(ABOUT THIS TASK)
Copy nothing but the text: reproduce each line of the listing exactly and leave the pictures out.

(INPUT DATA)
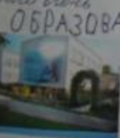
Светлый кафе №20
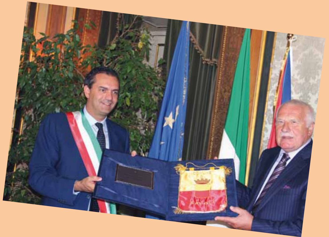
Con il Presidente della Repubblica Ceca, Vaclav Klaus
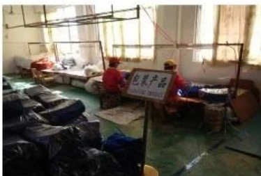
Checking and Packing
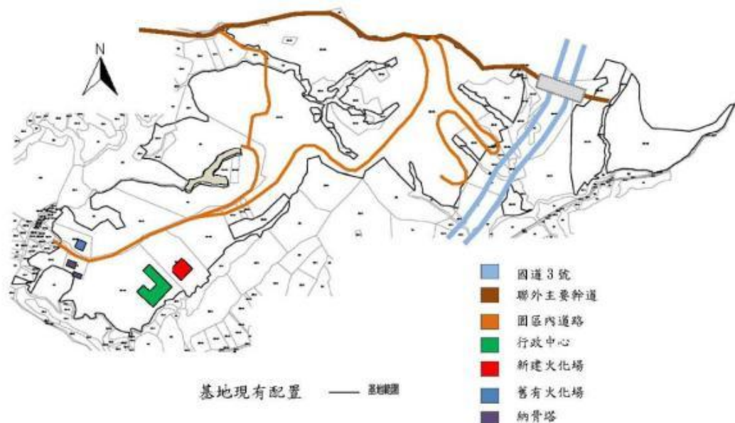
圖6-4 嘉義生命園區基地現況範圍

嘉義生命園區位於嘉義縣水上鄉，現為嘉義市市立公墓，面積共計54.8公頃。園區土地屬嘉義縣口湖鄉牛稠埔段0325等31筆嘉義市公有土地，土地使用區分為山坡地保育區墳墓用地或暫未編定地。基地範圍及現況如圖6-4。
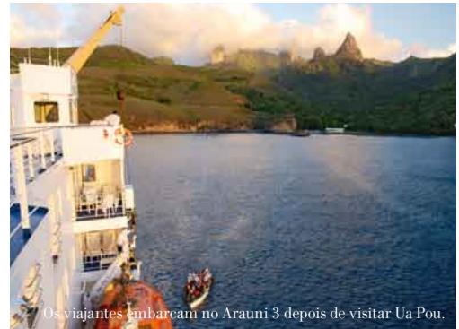
Os viajantes embarcam no Aranui 3 depois de visitar Ua Pou.
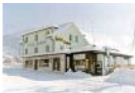
Restaurant Sonne Familie Exposito
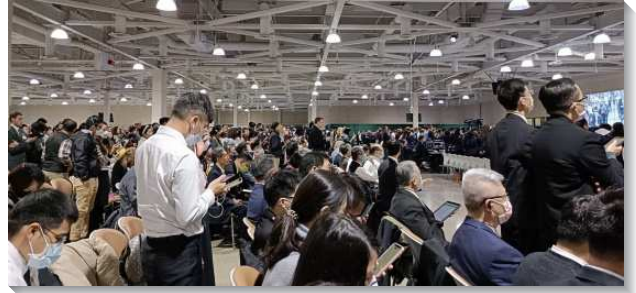
▲ 各地聖徒至美國安那翰參加冬季訓練

第七到第九篇信息，則是從尼希米記說到三個重要的方面—榜樣、建造與爭戰。尼希米是一個對神有時代價值之人的榜樣，是神要轉換時代所要得著的時代憑藉。我們該以尼希米為榜樣而積極進取，使神能得著男孩子，以引進國度時代。此外，我們也需要內在的跟隨尼希米的榜樣『建造城牆』，就是建造召會作神的國，使召會作為神的家，祂的居所，得著保護。在建造城牆的過程中，面對仇敵的發怒與圖謀，與尼希米一同作工建造的以色列人，一手作工建造，一手拿兵器爭戰。這啟示每當我們在神的建造上勞苦時，必然會有爭戰。因此，現今為著召會的建造，我們需

(TASK RESULT)
Светлый кафе №20
Con il Presidente della Repubblica Ceca, Vaclav Klaus
Checking and Packing
圖6-4 嘉義生命園區基地現況範圍

嘉義生命園區位於嘉義縣水上鄉，現為嘉義市市立公墓，面積共計54.8公頃。園區土地屬嘉義縣口湖鄉牛稠埔段0325等31筆嘉義市公有土地，土地使用區分為山坡地保育區墳墓用地或暫未編定地。基地範圍及現況如圖6-4。
Os viajantes embarcam no Aranui 3 depois de visitar Ua Pou.
Restaurant Sonne Familie Exposito
▲ 各地聖徒至美國安那翰參加冬季訓練

第七到第九篇信息，則是從尼希米記說到三個重要的方面—榜樣、建造與爭戰。尼希米是一個對神有時代價值之人的榜樣，是神要轉換時代所要得著的時代憑藉。我們該以尼希米為榜樣而積極進取，使神能得著男孩子，以引進國度時代。此外，我們也需要內在的跟隨尼希米的榜樣『建造城牆』，就是建造召會作神的國，使召會作為神的家，祂的居所，得著保護。在建造城牆的過程中，面對仇敵的發怒與圖謀，與尼希米一同作工建造的以色列人，一手作工建造，一手拿兵器爭戰。這啟示每當我們在神的建造上勞苦時，必然會有爭戰。因此，現今為著召會的建造，我們需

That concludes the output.